This only splits the first paragraph text when there is no following “<“

The fields of the so created rows can than be retrieved by using another regex:

Split first and lastname

For splitting a Name in First and Lastname I found the following simple Regex working in most cases:
(.*?)([^\s]*)$

Indeed you have to evaluate manually if you have names with more than 3 words

LASTNAME in Capitals + no speparation

In another case I came across a textline, where the firstname was in Capital, however the firstname was not easy seperable by the following words.

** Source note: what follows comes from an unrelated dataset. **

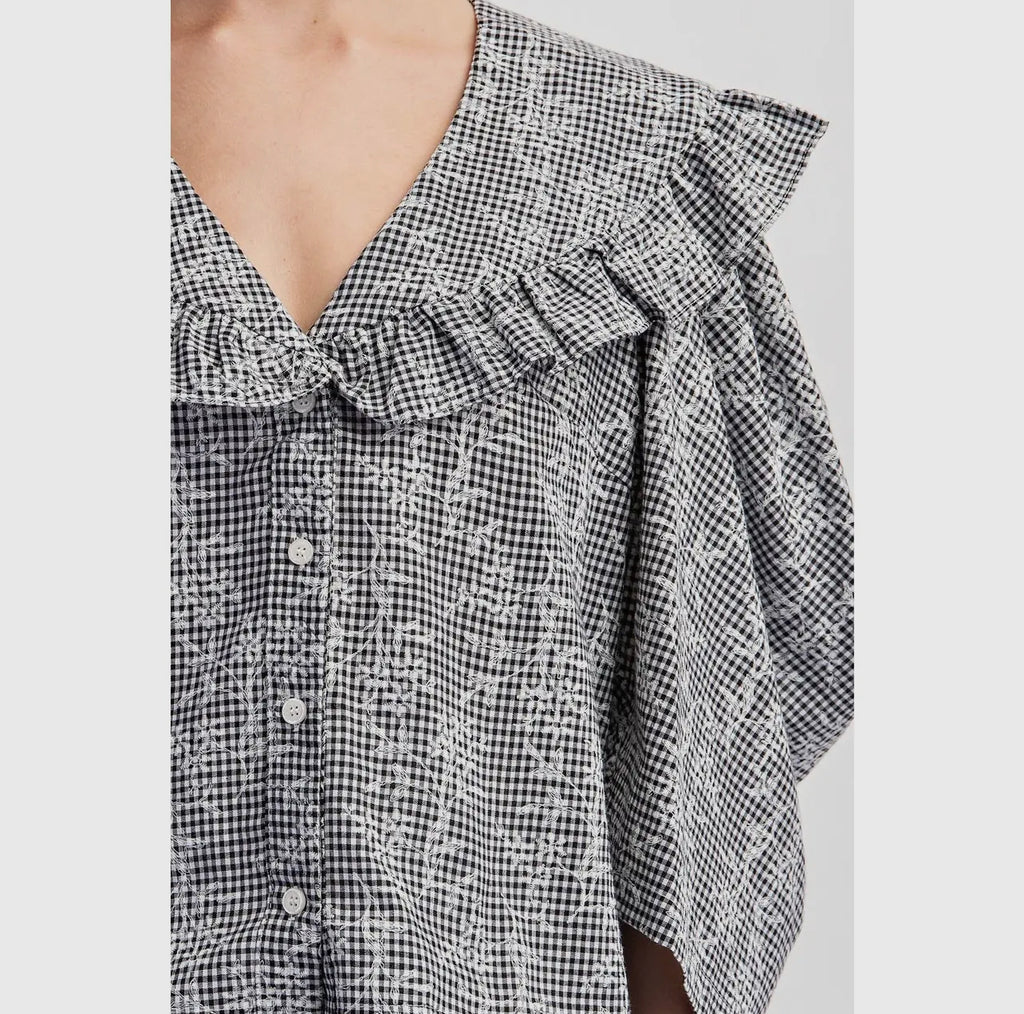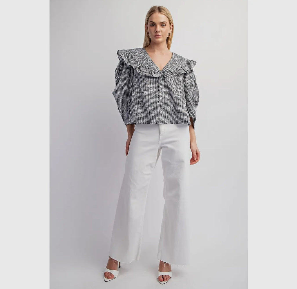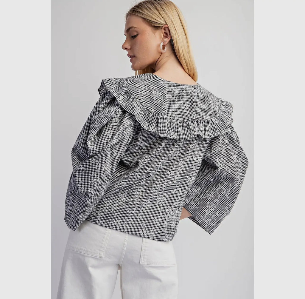 Get ready for some fun with the Hay Rides Blouse! This black and white gingham top features playful embroidered floral details. Perfect for any outing, this blouse will add a touch of whimsy to your wardrobe. Hop on and ride in style!

I found the the following Regex (including already the exceptions of the existing data) would work in most my cases:

^([A-ZÀÂÄÆÁÃÅĀÈÉÊËĘĖĒÎÏĪĮÍÌÔŌØÕÓÒÖŒÙÛÜŪÚŸÇĆČŃÑ\-'de]{2,20}\s(?:[A-ZÀÂÄÆÁÃÅĀÈÉÊËĘĖĒÎÏĪĮÍÌÔŌØÕÓÒÖŒÙÛÜŪÚŸÇĆČŃÑ\-']{2,15})?)\s*?([^\s]+\s(?:Huy|Christine|Flora|Deborah|Gösta)?)(.*)

Repeat/Fill value of previous row

Sometimes you want to fil empty values in a row, with the last occurence of the colum, that is not null. Eg in the following example I want to fill rows 44-50 with the event_date “26.06.2023” an rows 53-54 with “28.08.2023”.

For that a simple java script can be used:

var event_date_new; if (event_date !== null) {  event_date_new = event_date;}

This results in a new column with all dates filled

Inititial capital of a sentence

provided a sentence like:

neue Technologien zur Verkehrsoptimierung

should get a inital capital like:

Neue Technologien zur Verkehrsoptimierung

This can be achieved in Pentaho / Apache Hop by a java expression

text == null ? null : text.substring(0,1).toUpperCase() + text.substring(1)

from: https://forums.pentaho.com/threads/218295-Capitalize-first-letter-of-a-string/

Scraping Elsevier abstract pages

Get a list of Elsevier’s IDs via Crossref

To get a first impression about the content and size I was using the Crossref Rest API facet search:

https://api.crossref.org/works?filter=member:78&facet=published:*

So for 2020 there are 542k entries. In order to download metadata data (or in my case just the DOI, date of DOI registration and the Elsevier internal ID) I’m using again the REST API of Crossref.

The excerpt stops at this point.